Thrombotic microangiopathy (TMA) is one of the most devastating sequalae of kidney transplantation. A number of published articles have covered either de novo or recurrent TMA in an isolated manner. We have, hereby, in this article endeavored to address both types of TMA in a comparative mode. We appreciate that de novo TMA is more common and its prognosis is poorer than recurrent TMA; the latter has a genetic background, with mutations that impact disease behavior and, consequently, allograft and patient survival. Post-transplant TMA can occur as a recurrence of the disease involving the native kidney or as de novo disease with no evidence of previous involvement before transplant. While atypical hemolytic uremic syndrome is a rare disease that results from complement dysregulation with alternative pathway overactivity, de novo TMA is a heterogenous set of various etiologies and constitutes the vast majority of post-transplant TMA cases. Management of both diseases varies from simple maneuvers, e.g., plasmapheresis, drug withdrawal or dose modification, to lifelong complement blockade, which is rather costly. Careful donor selection and proper recipient preparation, including complete genetic screening, would be a pragmatic approach.
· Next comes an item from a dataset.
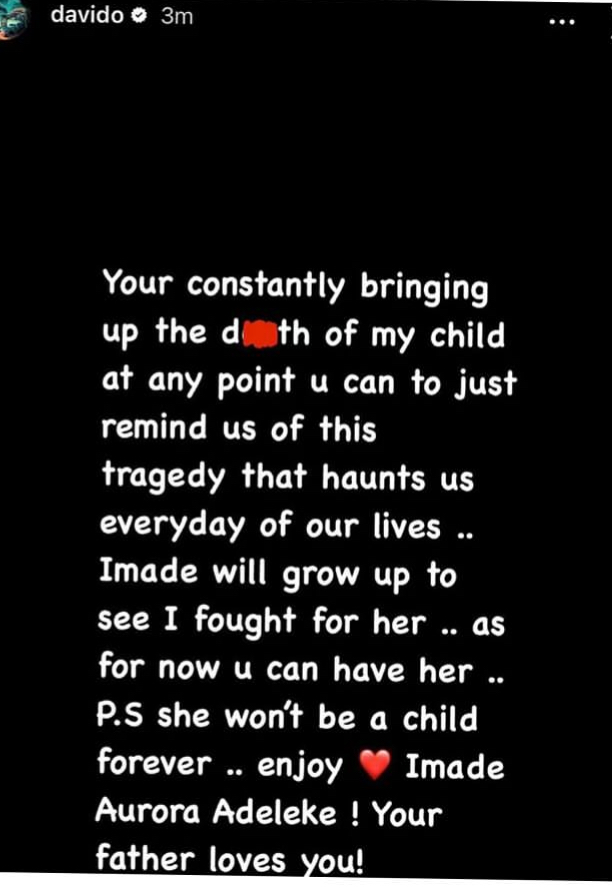 “You’re constantly bringing up the death of my child at any point you can to just remind us of this tragedy that haunts us every day of our lives. Imade will grow up to see I fought for her. As for now, you can have her. P.S she won’t be a child forever. Enjoy Imade Aurora Adeleke! Your father loves you!”

Novel therapies, e.g., purified products of the deficient genes, though promising in theory, are not yet of proven value.
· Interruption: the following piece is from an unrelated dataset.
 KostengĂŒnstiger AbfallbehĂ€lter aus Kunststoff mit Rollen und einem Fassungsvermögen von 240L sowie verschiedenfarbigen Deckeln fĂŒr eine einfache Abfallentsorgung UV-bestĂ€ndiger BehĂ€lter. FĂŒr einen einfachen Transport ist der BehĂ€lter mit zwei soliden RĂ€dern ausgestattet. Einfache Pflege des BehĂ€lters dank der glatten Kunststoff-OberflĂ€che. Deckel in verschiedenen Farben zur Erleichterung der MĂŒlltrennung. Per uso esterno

Keywords: Kidney transplantation; De novo thrombotic microangiopathy; Thrombotic microangiopathy; Recurrent thrombotic microangiopathy; Atypical hemolytic uremic syndrome

Core tip: Many articles in the literature have covered either de novo or recurrent thrombotic microangiopathy (TMA) in an isolated manner; we tried here in this article to gather the criteria of both types in one review for comparison. Contrary to what was believed in the past, de novo TMA is more common and its prognosis is poorer. On the other hand, recurrent TMA relies on a wide base of genetic backgrounds, with mutation errors differing in their impact on disease behavior and consequently on allograft and patient survival. This base for instance is rapidly expanding, and ultimately warrants a parallel robust work up regimen.